3/14(金) 14:47
僕は評価作業を進めるべく機材のチェックを行っていた。
突然の大きな揺れ。
建物は今まで聞いたことの無い気味の悪い音を上げ、
壁に沿って降りているシャッターは撓み続けた。
大人二人がかりで動かす大きな筐体はフラフラと彷徨い歩くように
移動していた。
怖い
揺れとは異なる震えが両膝に伝う。
それと同時に
遂に来たのか。
という覚悟を決めるときを感じた。
揺れは確かに強く、そして終わりの無いように長い時間揺れていた。
ただ、床が抜けるとか建物全体にヒビが入るというわけではなく、5分程度か?
ある程度の時間が経ってからほぼほぼ落ち着いてきた。僕はどうにも倒れそうな
筐体を押さえていた。無我夢中だったと今でこそ思う。
周りを見渡すと作業をしていた部屋には僕一人になっていてみんな逃げ出していた。
ゆれが落ち着いてきてから地震時に流れていた放送を聴くことが出来た。
どうやらグラウンドに避難しろとのことらしい。
みんなで外に出ることに。僕は上着をつかんで外に出た。
工場の建屋1000人以上いるのではないだろうか?
外にぞろぞろと出てきた。そして放送は工場内と小田原の市内放送が入り混じりながら
聞こえてくる。両者とも混乱しているようだった。
大きな余震がたびたび起こる。そのたびに大きな声がそこかしこで起き、しゃがみこむ人も居た。
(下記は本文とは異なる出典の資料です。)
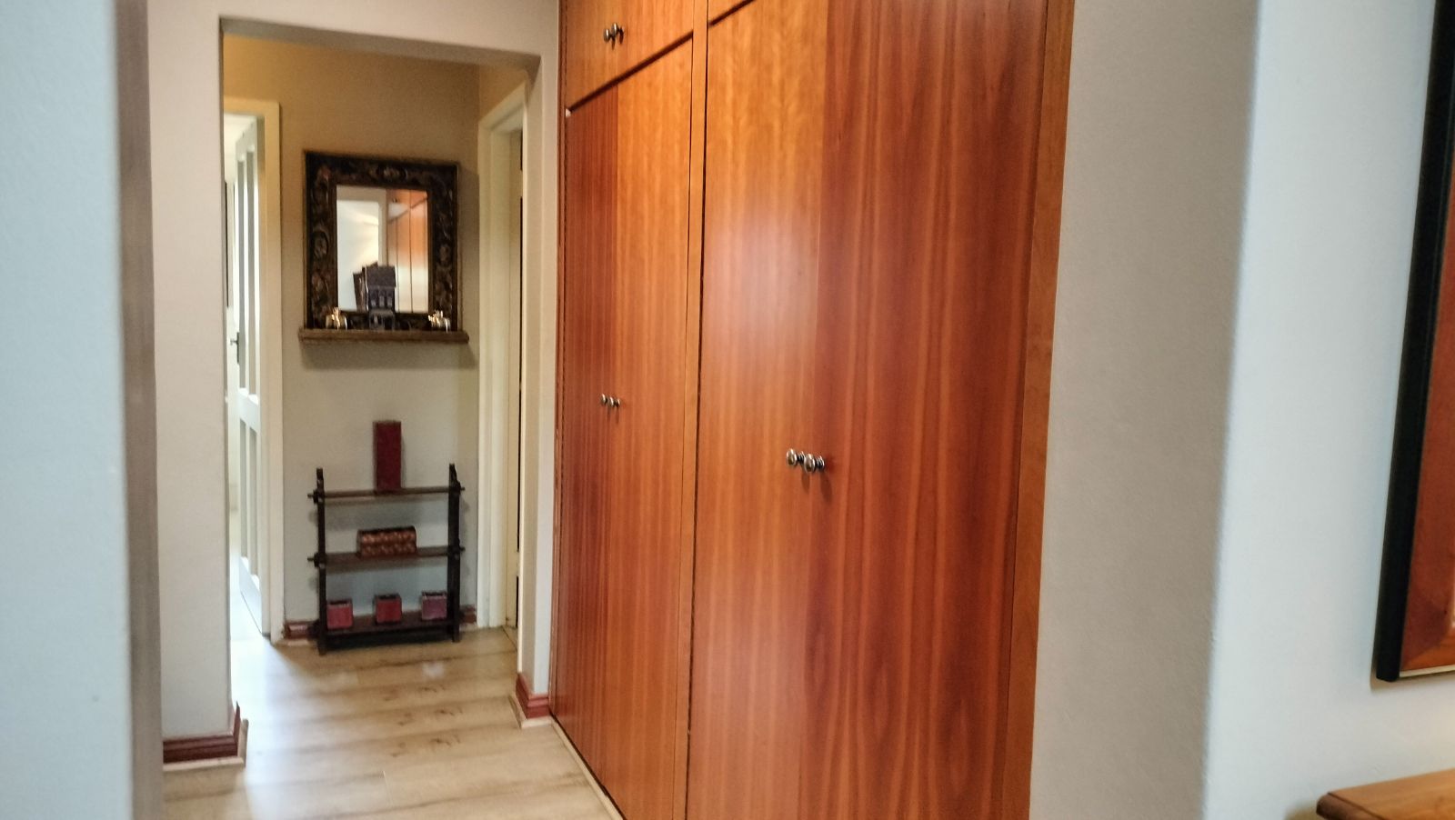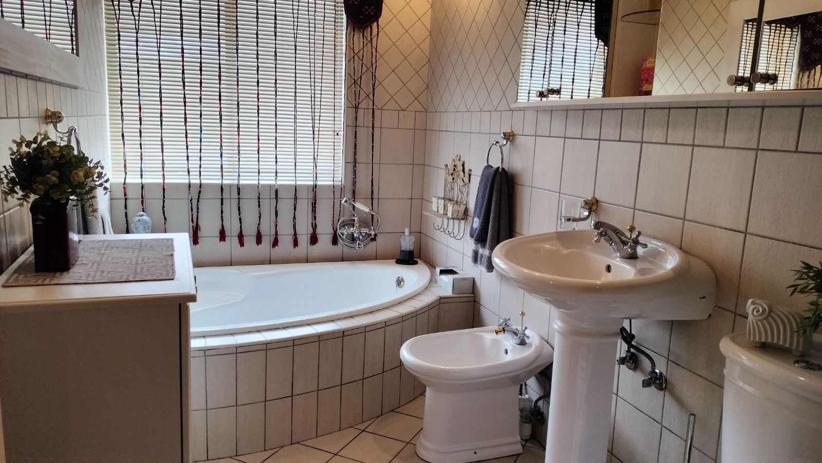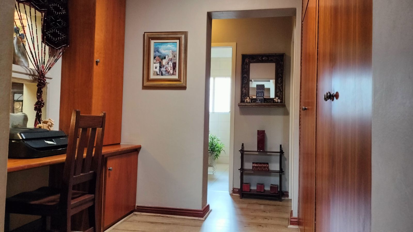 A passage leads to the third bedroom, beautifully appointed with unique panelled built-in cupboards. A stylish third bathroom featuring a bath, shower, vanity, and toilet. A walk-through study with ample built-in cupboards brings you full circle, connecting back to the heart of the open-plan living area.

僕の携帯電話は使用不可だった。スマートフォンでつながる人が居た。
震源地は東北地方太平洋側沖。前々日の比較的大きな地震は前震だったのかもしれない。
そうなると津波が心配だ。
避難場所のグラウンドと相模湾とは目と鼻の先だった。
小田原の市内放送では大津波警報が出ているとアナウンスが流れていた。
しかし僕らは工場内の点検作業で45分ほど放置されていた。
ある程度余震が収まり、工場内の点検も終了したとのことで作業場に戻り、順次、執務室のある建屋に
戻った。歩いて戻ると、執務室の側の建屋の人たちはまだ外で待機していた。
どうも建屋内部の損壊が激しいらしい。
全員はさらに待ち続け、上のフロアから順次撤退することに。
自分たちの番になり、戻ろうとするがえらく込み合っていて、自分のフロアに戻ったのはさらに40分くらい
かかった。
部長が吼えていた。
「ちんたらしてんじゃねー!!! お前らの所為で帰れない人たちが居るんだぞ!メールチェックなんかしてんじゃねーよ!」
ちんたらなんかしていない。訓練どおりやれてない指揮系統を統括していうのは誰なんだ?
寒さ、恐怖、苛立ち、疲労、心の底からこの893似の組長もとい、部長を殴りたくなったが、
みんなイライラしているだろーし、握った拳を開いて閉まっている非常扉を押して外へ出て行った。
寮にもどると、つい最近掃除をした床がこんなになっていた。
奥の方はこんなに。
箱や電話機は分かるが、この床の散らばりは何なんだろう?
あとで納得。カップヌードルのリフィルカップ(陶器)が割れていた。
こんなもので済んだのだから東北の方々と比べたらだいぶ軽い。
これ以上の災厄が起こらないように願うばかりだ。